Select Pathname From HEC-DSS File Editor

This task of adding a gage and associating data from a DSS file, was repeated to create one gage for each combination of storm and duration. The result was a set of 88 gages for the eight frequency-based storms.

Next, the analyst created a meteorologic model for each of the cases, using the 88 precipitation gages to define the hyetographs. To do so, the analyst created a meteorologic model and selected Specified Hyetograph, as shown in the following figure. In the specified hyetograph Component Editor, the analyst selected from among the 88 precipitation gages.

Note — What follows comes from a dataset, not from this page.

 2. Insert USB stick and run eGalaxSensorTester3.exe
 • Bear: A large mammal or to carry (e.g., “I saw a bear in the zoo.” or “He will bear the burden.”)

Specified Hyetograph Precipitation Method is Selected

At last, the preparation for the computations was complete, and the runoff hydrographs could be computed and inspected. To insure that this computation was complete, the analyst used the Simulation Run Manager to "assemble" the simulation runs, using the basin model and control specifications in combination with each of the rainfall events.

The following figure shows the results of the HEC-HMS simulation runs. For each frequency storm, the computed peak with each portion of the six-hour event is plotted. From this, the time at which threshold exceedance (flow greater than 1,100 cfs) would be detected can be identified. For example, with the 0.002 AEP event, exceedance would not be detected with only 150 minutes of rainfall data, but it would be detected with 180 minutes of data; interpolation yields an estimate of 175 minutes as the detection time for that event. The estimated values for all events are shown in Column 3 of the Sample Calculation of Warning Time table. Column 4 of that table shows the maximum mitigation time. The actual mitigation time would be less if time is required for notification and decision making. For example, if twenty minutes is required for notification and decision making, the mitigation time available for the 0.002 AEP event will be only forty minutes. Forty minutes provides little opportunity for property protection, but it is enough time to evacuate, if plans have been made and if the evacuees are well prepared.
TOF versus Peak Flow at the Critical Location

Results Processing

The objective of the study, of course, is not to run HEC-HMS to compute hydrographs, so the work required is not complete. Now the analyst must process the results, using Equation 2, to estimate an average warning time with which benefit can be estimated.

At the onset of this computation with Equation 2, the analyst realized that events smaller than the 0.04 AEP event did not exceed the threshold. Including those in the expected value calculation might bias the results, as the warning time would be infinite (no warning would be issued because the threshold was never exceeded). Accordingly, the analyst decided to use conditional probability in the computations, reasoning that the expected value should use only events that exceeded the threshold.

So, by integrating the maximum mitigation time-frequency curve, as directed by Equation 6, and using conditional probability to account for events more frequent than the 0.04 AEP event, the analyst computed expected warning time. For the proposed system, the maximum expected warning time was 55 minutes at the critical location. Based on the system design, the flood-warning specialist optimistically estimates the notification and decision-making time to be twenty minutes. Thus, the actual expected mitigation time is 35 minutes. The resulting damage reduction is slight, but the cost of a local FWS is also relatively small, so a federal interest may exist.